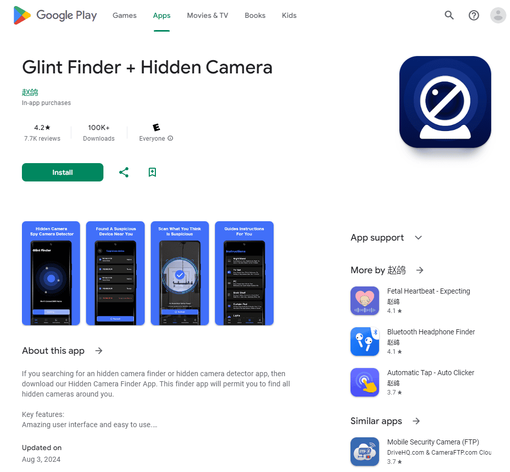 | 隐藏设备探测器 | 安卓 | 磁场、红外和射频检测。 |
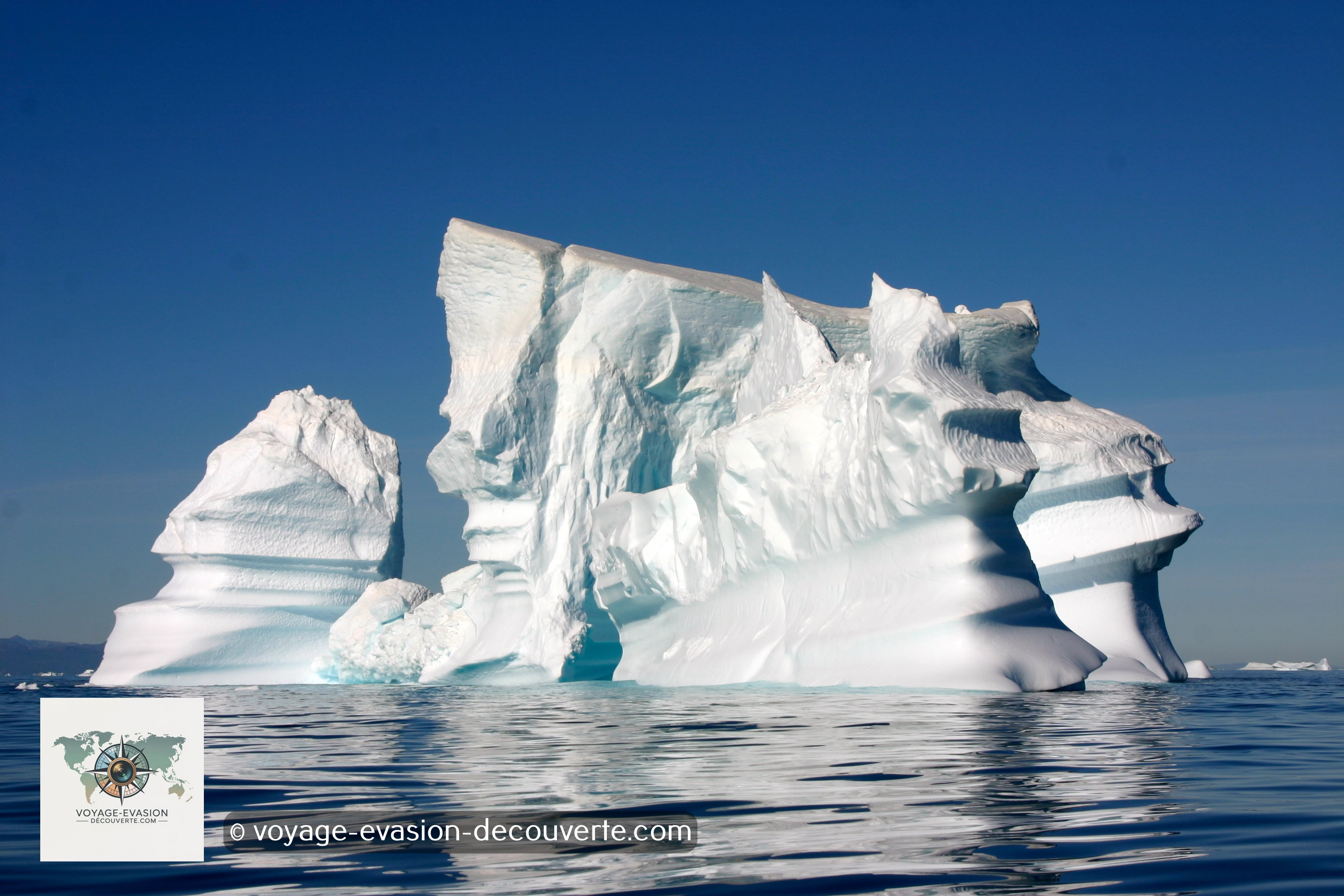 Véritables vaisseaux de glace, ils dérivent lentement, majestueux et menaçants à la fois, emportés vers leur dernier voyage sous la seule impulsion du vent et du courant.
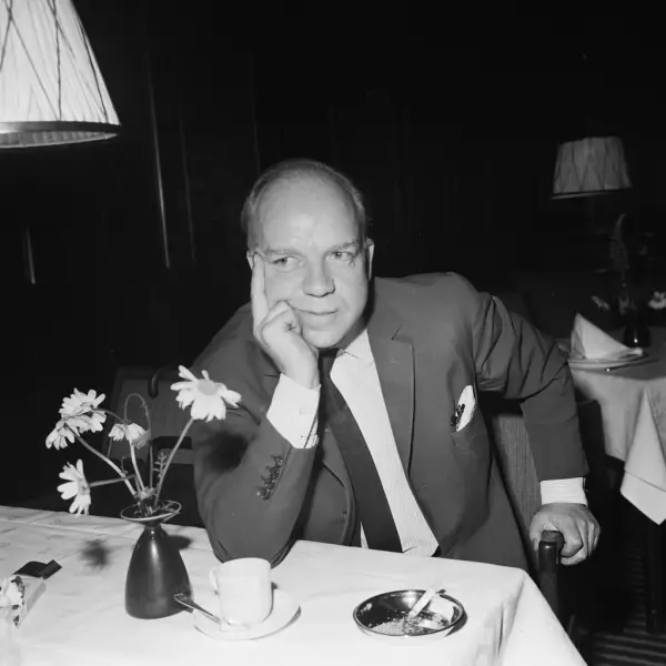 portrett, mann, skuespiller, sittende halvfigur ved restaurantbord, sigarett
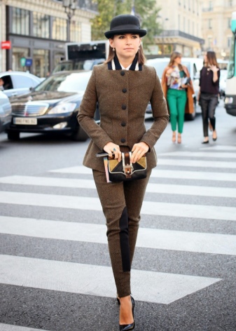 - A trouser (or skirt) suit of classic style is the original version of the combination, suitable for a party, a solemn, even corporate event. With this image it is necessary to minimize all accessories and jewelery.

· · · · ·

### Directions
Repeat the material above word for word and skip every image in it.

### Expected output
 | 隐藏设备探测器 | 安卓 | 磁场、红外和射频检测。 |
 Véritables vaisseaux de glace, ils dérivent lentement, majestueux et menaçants à la fois, emportés vers leur dernier voyage sous la seule impulsion du vent et du courant.
 portrett, mann, skuespiller, sittende halvfigur ved restaurantbord, sigarett
 - A trouser (or skirt) suit of classic style is the original version of the combination, suitable for a party, a solemn, even corporate event. With this image it is necessary to minimize all accessories and jewelery.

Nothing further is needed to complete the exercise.